>>

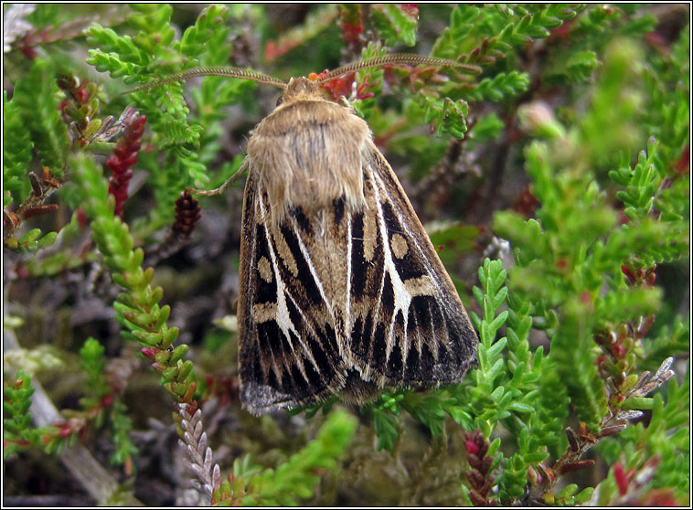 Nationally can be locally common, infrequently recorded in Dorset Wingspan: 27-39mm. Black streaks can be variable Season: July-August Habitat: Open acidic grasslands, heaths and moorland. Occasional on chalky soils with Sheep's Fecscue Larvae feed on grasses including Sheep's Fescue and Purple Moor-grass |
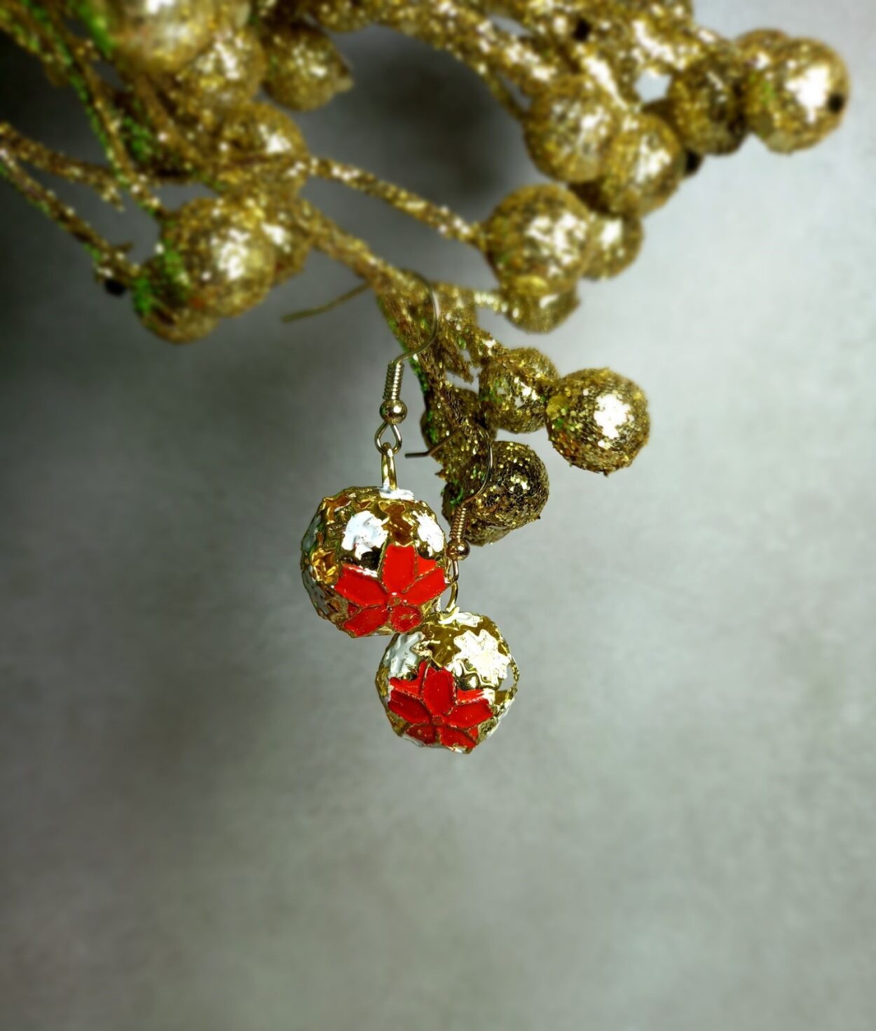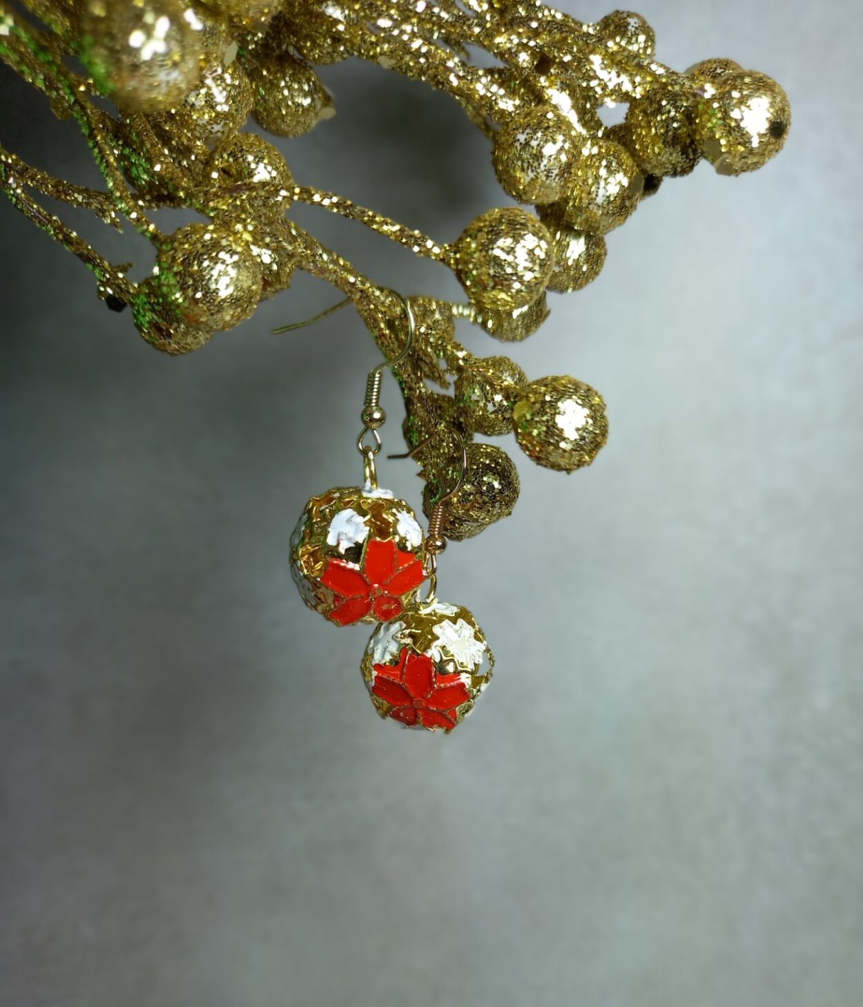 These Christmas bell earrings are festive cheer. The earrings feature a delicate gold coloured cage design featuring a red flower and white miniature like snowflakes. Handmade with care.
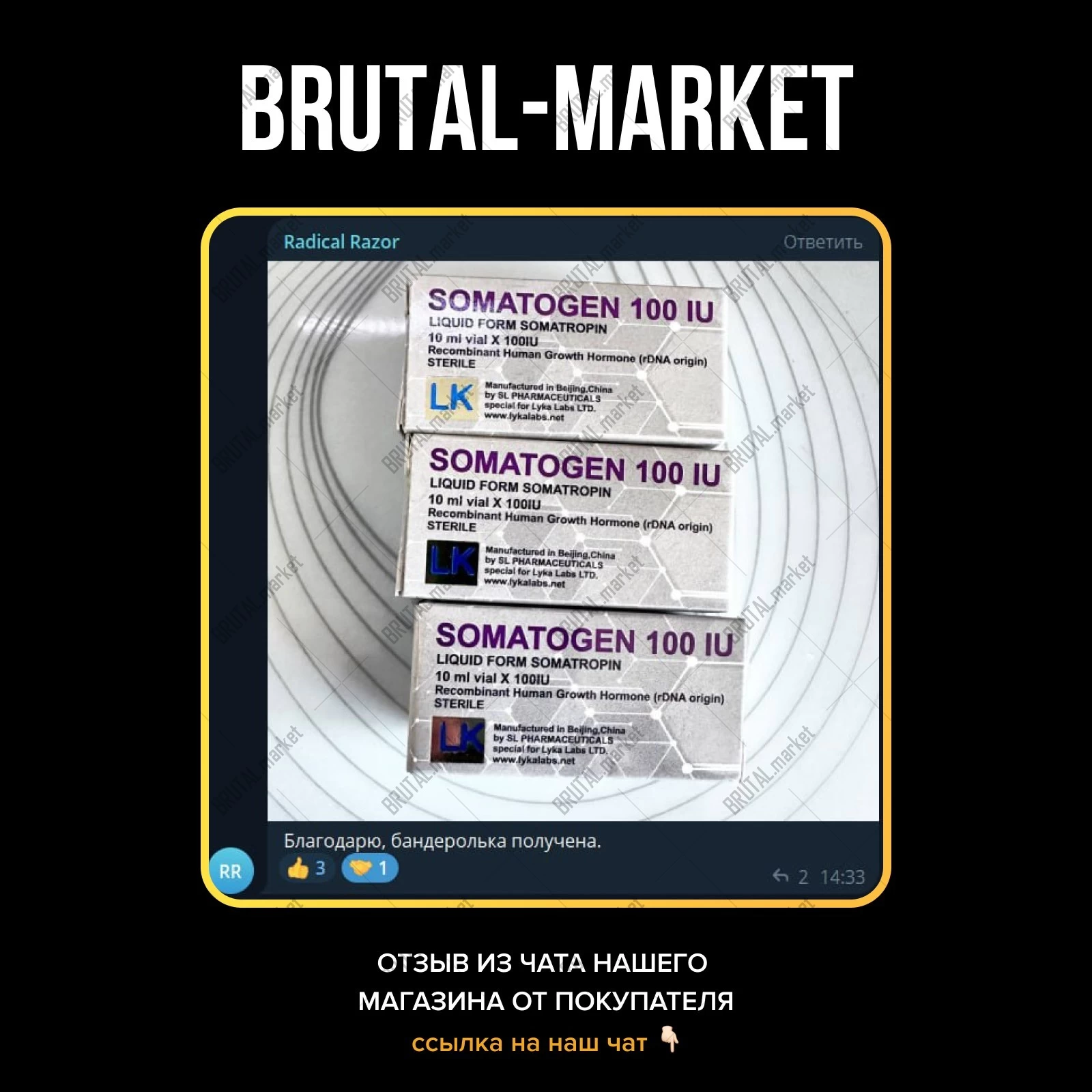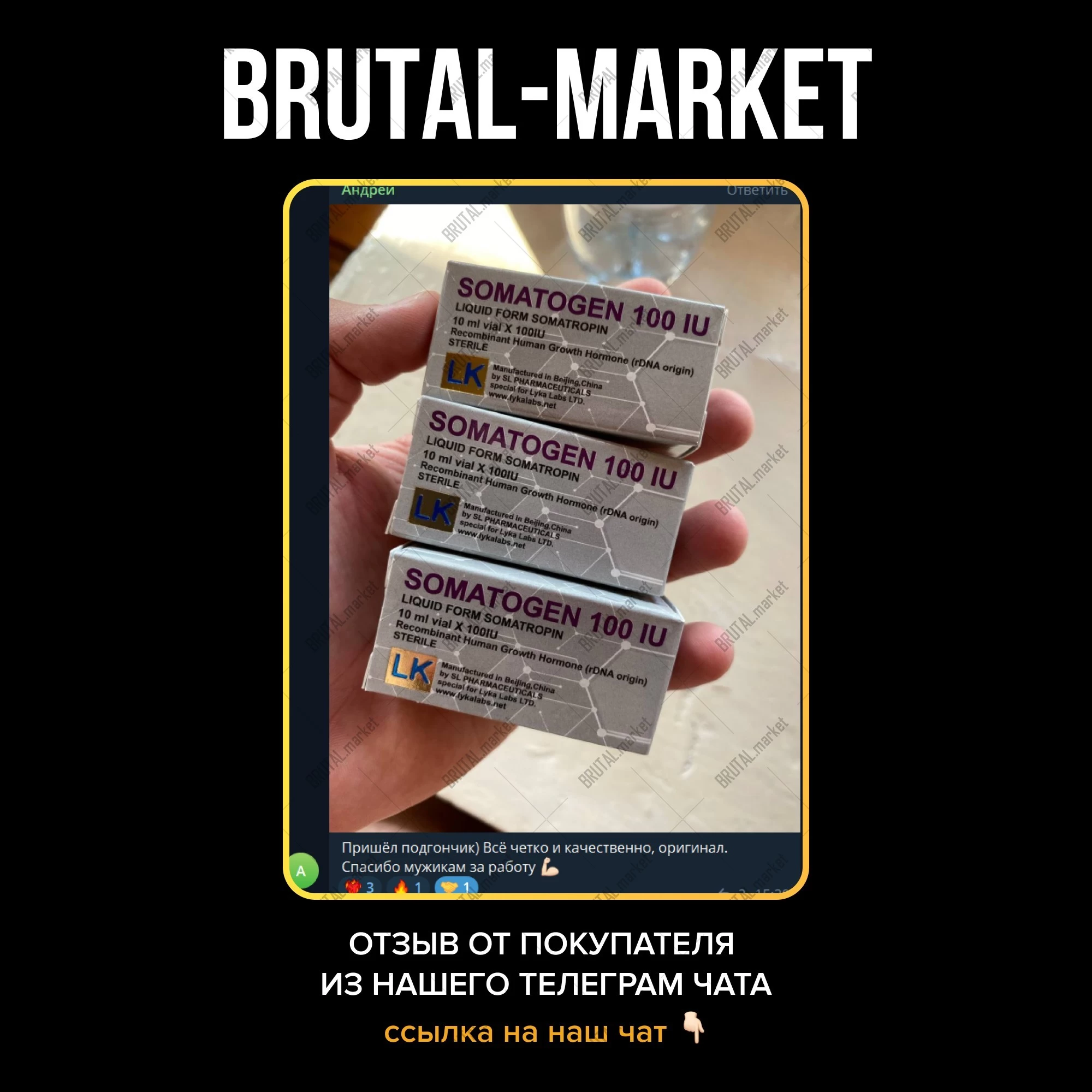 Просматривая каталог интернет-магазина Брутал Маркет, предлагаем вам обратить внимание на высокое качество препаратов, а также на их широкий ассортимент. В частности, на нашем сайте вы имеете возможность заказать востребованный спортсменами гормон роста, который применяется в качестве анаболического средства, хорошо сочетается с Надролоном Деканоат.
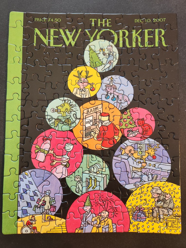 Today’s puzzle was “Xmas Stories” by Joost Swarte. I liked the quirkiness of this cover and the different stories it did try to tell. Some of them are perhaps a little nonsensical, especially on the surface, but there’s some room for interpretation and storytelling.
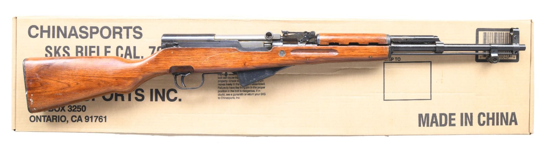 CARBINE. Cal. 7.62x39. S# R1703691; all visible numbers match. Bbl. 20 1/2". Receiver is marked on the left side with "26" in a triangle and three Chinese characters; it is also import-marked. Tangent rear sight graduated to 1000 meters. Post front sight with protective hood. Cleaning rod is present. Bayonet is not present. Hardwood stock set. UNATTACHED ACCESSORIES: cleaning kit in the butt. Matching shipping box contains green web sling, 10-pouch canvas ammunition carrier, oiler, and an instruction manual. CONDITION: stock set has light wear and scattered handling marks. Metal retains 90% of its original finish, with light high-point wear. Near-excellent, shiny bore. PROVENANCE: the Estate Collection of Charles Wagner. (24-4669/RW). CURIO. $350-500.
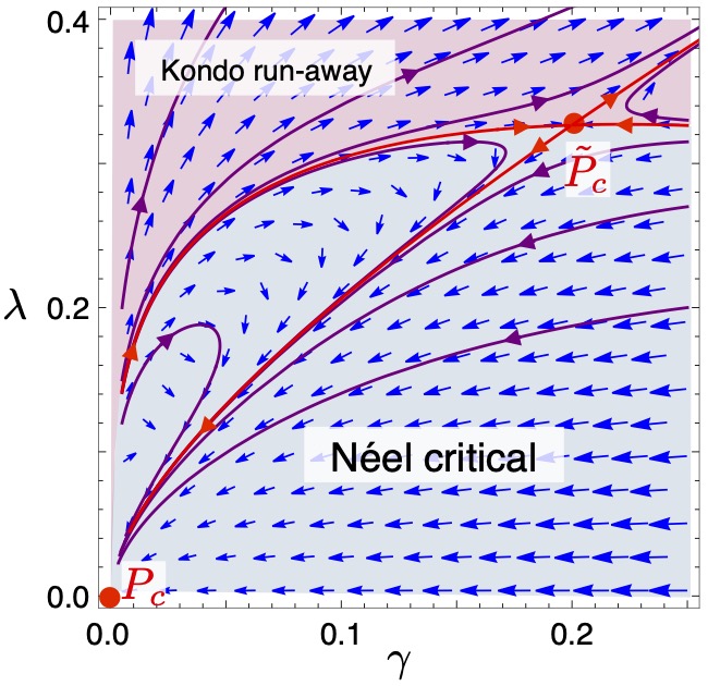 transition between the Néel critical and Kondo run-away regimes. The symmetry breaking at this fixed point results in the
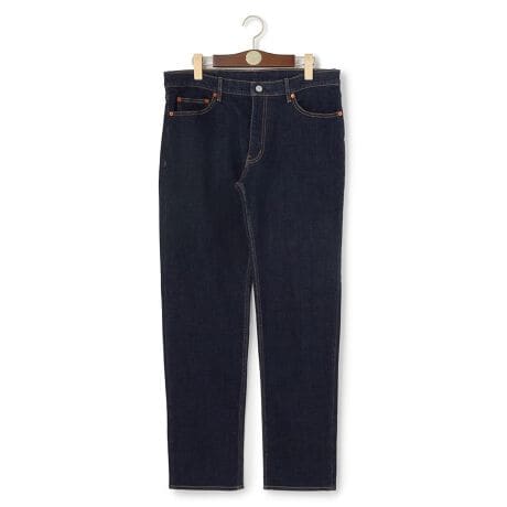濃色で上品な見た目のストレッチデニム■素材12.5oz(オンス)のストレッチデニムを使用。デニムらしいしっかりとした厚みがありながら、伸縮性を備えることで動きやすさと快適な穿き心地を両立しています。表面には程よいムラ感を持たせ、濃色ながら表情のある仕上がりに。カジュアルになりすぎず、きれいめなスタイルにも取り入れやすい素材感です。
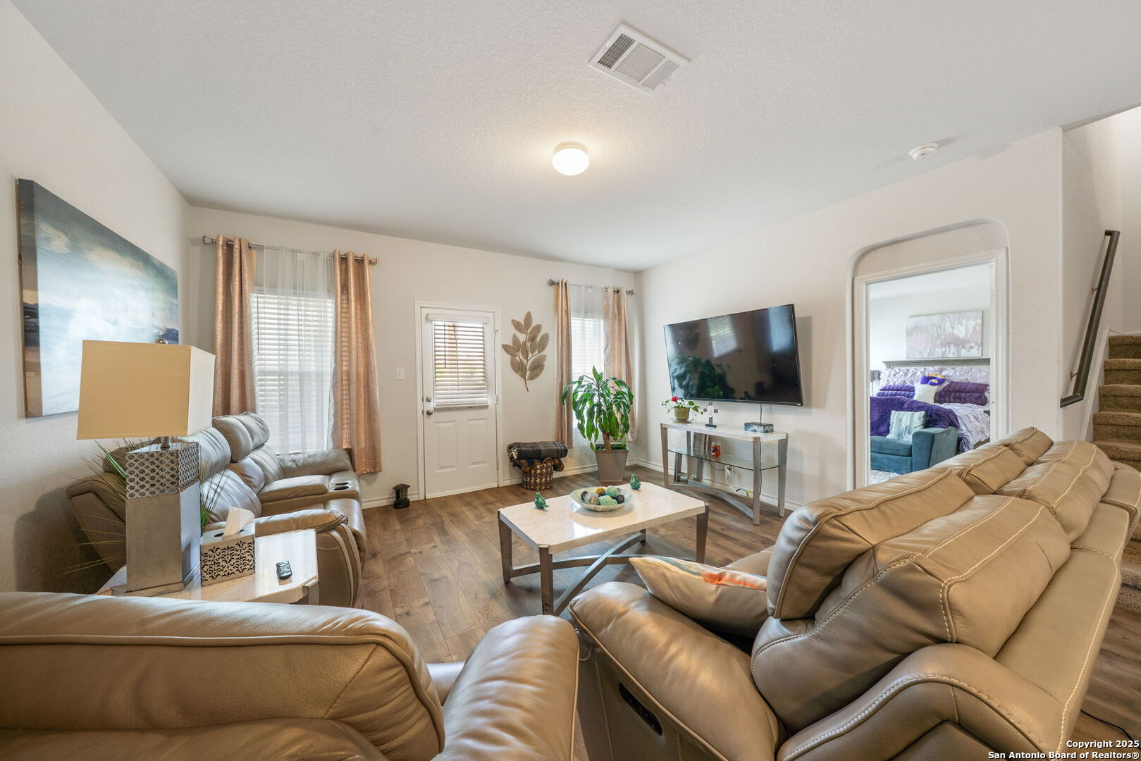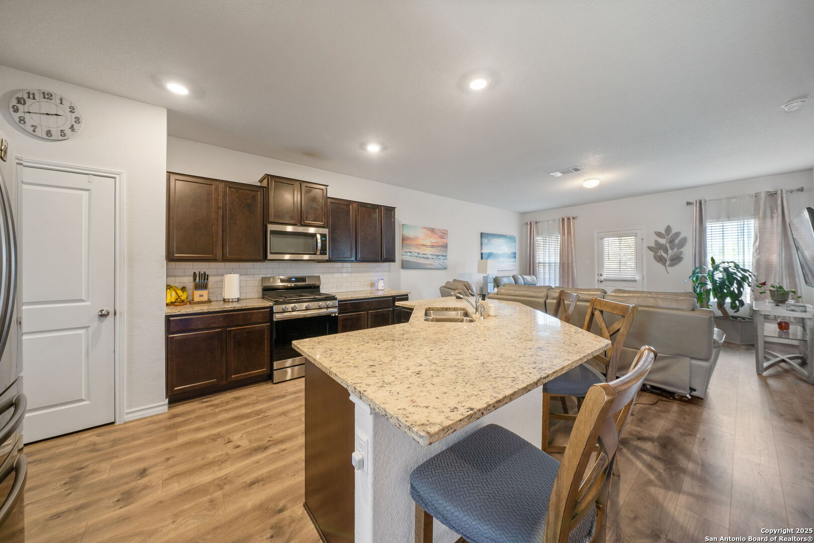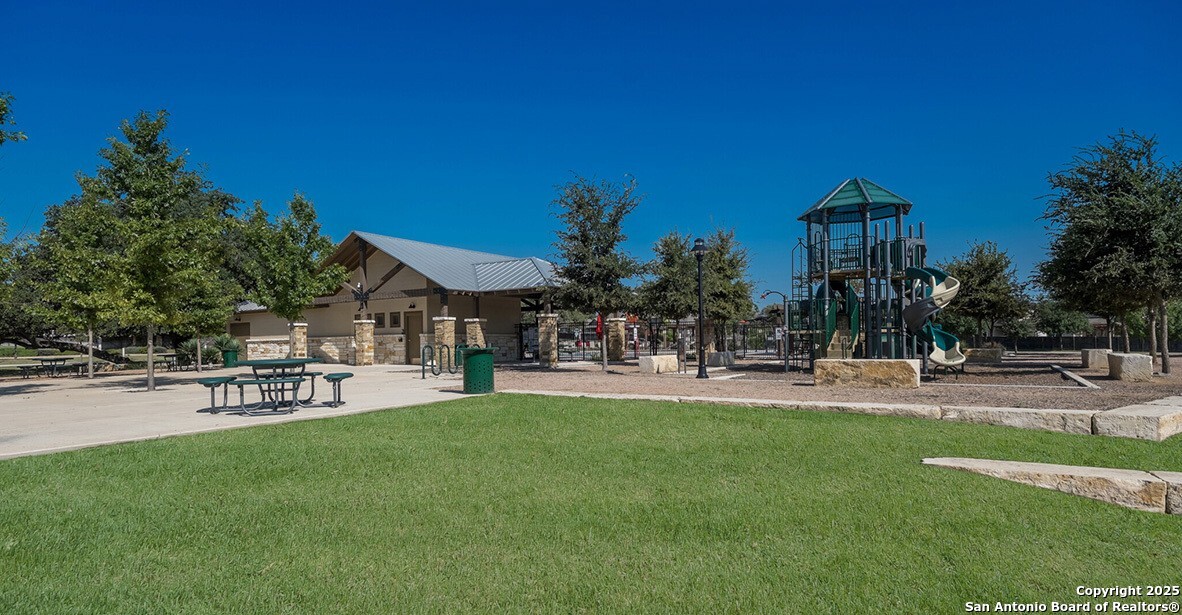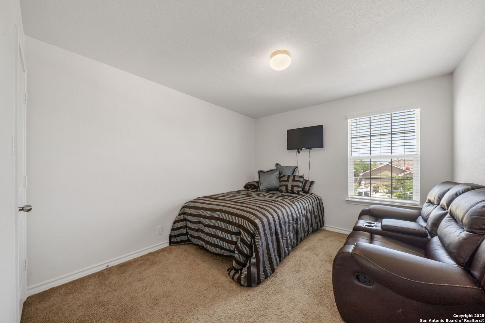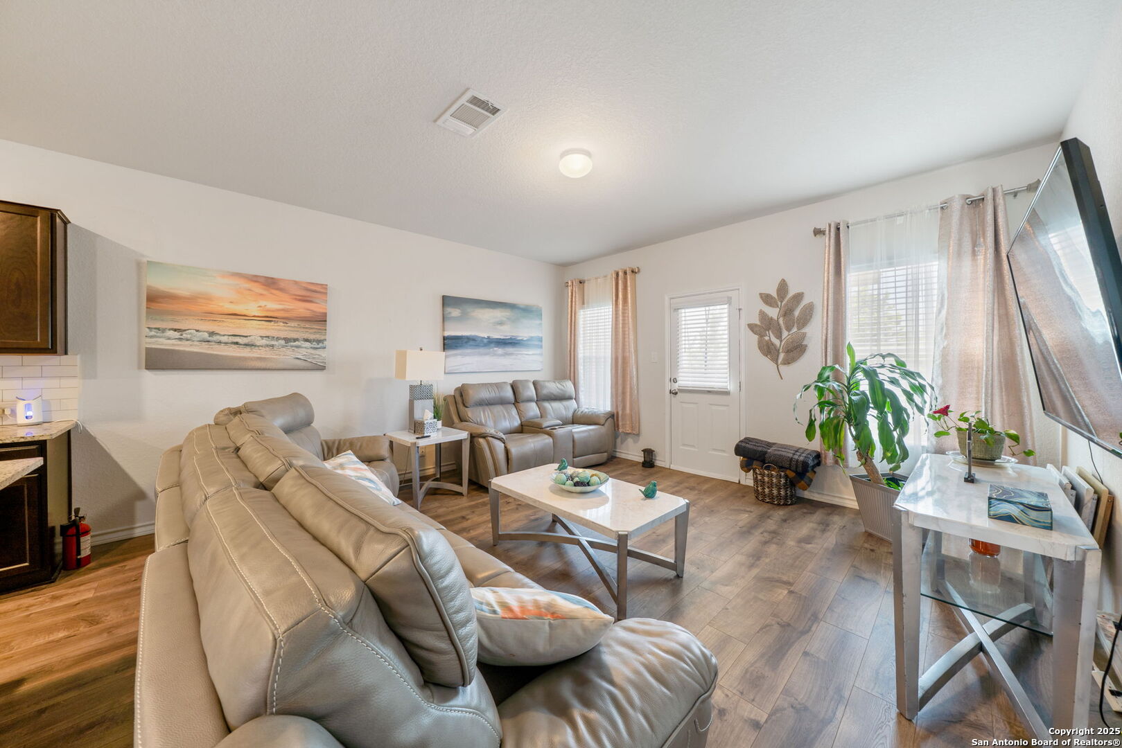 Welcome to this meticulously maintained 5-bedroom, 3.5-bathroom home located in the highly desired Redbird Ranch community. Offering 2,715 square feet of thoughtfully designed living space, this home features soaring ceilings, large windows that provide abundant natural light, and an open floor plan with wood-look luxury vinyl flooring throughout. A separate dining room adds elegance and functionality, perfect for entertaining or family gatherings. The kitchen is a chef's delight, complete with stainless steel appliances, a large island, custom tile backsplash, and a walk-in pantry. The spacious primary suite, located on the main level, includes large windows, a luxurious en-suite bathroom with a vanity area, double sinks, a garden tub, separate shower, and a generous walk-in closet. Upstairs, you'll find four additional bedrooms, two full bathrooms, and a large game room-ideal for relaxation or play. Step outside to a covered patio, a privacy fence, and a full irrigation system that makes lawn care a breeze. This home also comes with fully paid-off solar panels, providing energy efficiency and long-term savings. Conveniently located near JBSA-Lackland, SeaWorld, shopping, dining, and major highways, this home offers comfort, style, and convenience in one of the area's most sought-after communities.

<<

--- What you need to do ---
Here the records must be restated exactly, minus any images.

--- Result below ---
 Nationally can be locally common, infrequently recorded in Dorset Wingspan: 27-39mm. Black streaks can be variable Season: July-August Habitat: Open acidic grasslands, heaths and moorland. Occasional on chalky soils with Sheep's Fecscue Larvae feed on grasses including Sheep's Fescue and Purple Moor-grass |
 These Christmas bell earrings are festive cheer. The earrings feature a delicate gold coloured cage design featuring a red flower and white miniature like snowflakes. Handmade with care.
 Просматривая каталог интернет-магазина Брутал Маркет, предлагаем вам обратить внимание на высокое качество препаратов, а также на их широкий ассортимент. В частности, на нашем сайте вы имеете возможность заказать востребованный спортсменами гормон роста, который применяется в качестве анаболического средства, хорошо сочетается с Надролоном Деканоат.
 Today’s puzzle was “Xmas Stories” by Joost Swarte. I liked the quirkiness of this cover and the different stories it did try to tell. Some of them are perhaps a little nonsensical, especially on the surface, but there’s some room for interpretation and storytelling.
 CARBINE. Cal. 7.62x39. S# R1703691; all visible numbers match. Bbl. 20 1/2". Receiver is marked on the left side with "26" in a triangle and three Chinese characters; it is also import-marked. Tangent rear sight graduated to 1000 meters. Post front sight with protective hood. Cleaning rod is present. Bayonet is not present. Hardwood stock set. UNATTACHED ACCESSORIES: cleaning kit in the butt. Matching shipping box contains green web sling, 10-pouch canvas ammunition carrier, oiler, and an instruction manual. CONDITION: stock set has light wear and scattered handling marks. Metal retains 90% of its original finish, with light high-point wear. Near-excellent, shiny bore. PROVENANCE: the Estate Collection of Charles Wagner. (24-4669/RW). CURIO. $350-500.
 transition between the Néel critical and Kondo run-away regimes. The symmetry breaking at this fixed point results in the
濃色で上品な見た目のストレッチデニム■素材12.5oz(オンス)のストレッチデニムを使用。デニムらしいしっかりとした厚みがありながら、伸縮性を備えることで動きやすさと快適な穿き心地を両立しています。表面には程よいムラ感を持たせ、濃色ながら表情のある仕上がりに。カジュアルになりすぎず、きれいめなスタイルにも取り入れやすい素材感です。
 Welcome to this meticulously maintained 5-bedroom, 3.5-bathroom home located in the highly desired Redbird Ranch community. Offering 2,715 square feet of thoughtfully designed living space, this home features soaring ceilings, large windows that provide abundant natural light, and an open floor plan with wood-look luxury vinyl flooring throughout. A separate dining room adds elegance and functionality, perfect for entertaining or family gatherings. The kitchen is a chef's delight, complete with stainless steel appliances, a large island, custom tile backsplash, and a walk-in pantry. The spacious primary suite, located on the main level, includes large windows, a luxurious en-suite bathroom with a vanity area, double sinks, a garden tub, separate shower, and a generous walk-in closet. Upstairs, you'll find four additional bedrooms, two full bathrooms, and a large game room-ideal for relaxation or play. Step outside to a covered patio, a privacy fence, and a full irrigation system that makes lawn care a breeze. This home also comes with fully paid-off solar panels, providing energy efficiency and long-term savings. Conveniently located near JBSA-Lackland, SeaWorld, shopping, dining, and major highways, this home offers comfort, style, and convenience in one of the area's most sought-after communities.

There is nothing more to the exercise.